E. Unless plaintiff otherwise consents in writing, the divestitures pursuant to Section IV of this Final Judgment, or by the trustee appointed pursuant to Section V, shall include all the WOCT-FM Assets, the WEGQ-FM Assets, the WAAF-FM Assets, the WEEI-AM Assets, the WRKO-AM Assets, the KSD-FM Assets, and the KLOU-FM Assets, and shall be accomplished in such a way as to satisfy plaintiff, in its sole discretion, that such assets can and will be used by an Acquirer or Acquirers as viable, ongoing commercial radio businesses. The divestitures, whether pursuant to Section IV or V of this Final Judgment, shall be made (i) to an Acquirer or Acquirers that (a) in plaintiff's sole judgment, has or have the capability and intent of competing effectively, and has or have the managerial, operational and financial capability to compete effectively as radio station operators in the Baltimore Area, the Boston Area, and the St. Louis Area, and (b) intends or intend in good faith to continue the operations of the radio station as were in effect in the period immediately prior to the filing of the complaint in this action (unless any significant change in the operations planned by an Acquirer is accepted by the plaintiff in its sole discretion); and (ii) pursuant to agreements the terms of which shall not, in the sole judgment of plaintiff, interfere with or otherwise diminish the ability of the Acquirer or Acquirers to compete effectively against defendants.
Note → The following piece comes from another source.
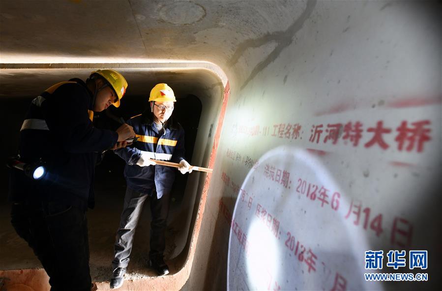 1月3日,中國鐵路濟(jì)南局臨沂工務(wù)段工程技術(shù)員在沂河特大橋箱梁內(nèi)檢查。新華社記者 朱崢攝
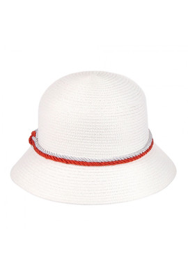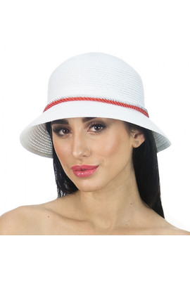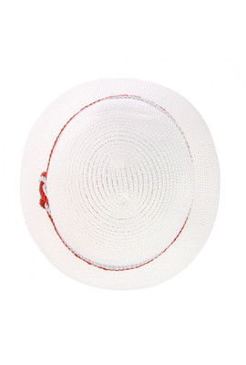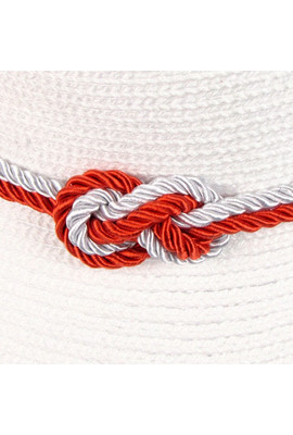 Женская шляпа Del Mare Модель: 147 Цвет: 02.13 Состав: capron, polyester Ширина поля: 7 см. Диаметр шляпы: 28 см. Высота тульи: 10 см. Размер: 56-57 Цвет основной: белый. Цвет дополнительный: красный. Аксессуар: канат с морским узлом. Детали: моделируе...

F. Defendants shall not interfere with any efforts by any Acquirer or Acquirers to employ the general manager or any other employee of WOCT-FM, WEGQ-FM, WAAF-FM, WEEI-AM, WRKO-AM, KSD-FM or KLOU-FM.

V. APPOINTMENT OF TRUSTEE

A. In the event that defendants have not divested the WOCT-FM Assets, the WEGQ-FM Assets, the WAAF-FM Assets, the WEEI-AM Assets, the WRKO-AM Assets, the KSD-FM Assets, and the KLOU-FM Assets within the time specified in Section IV of this Final Judgment, the Court shall appoint, on application of plaintiff, a trustee selected by plaintiff to effect the divestiture of the assets.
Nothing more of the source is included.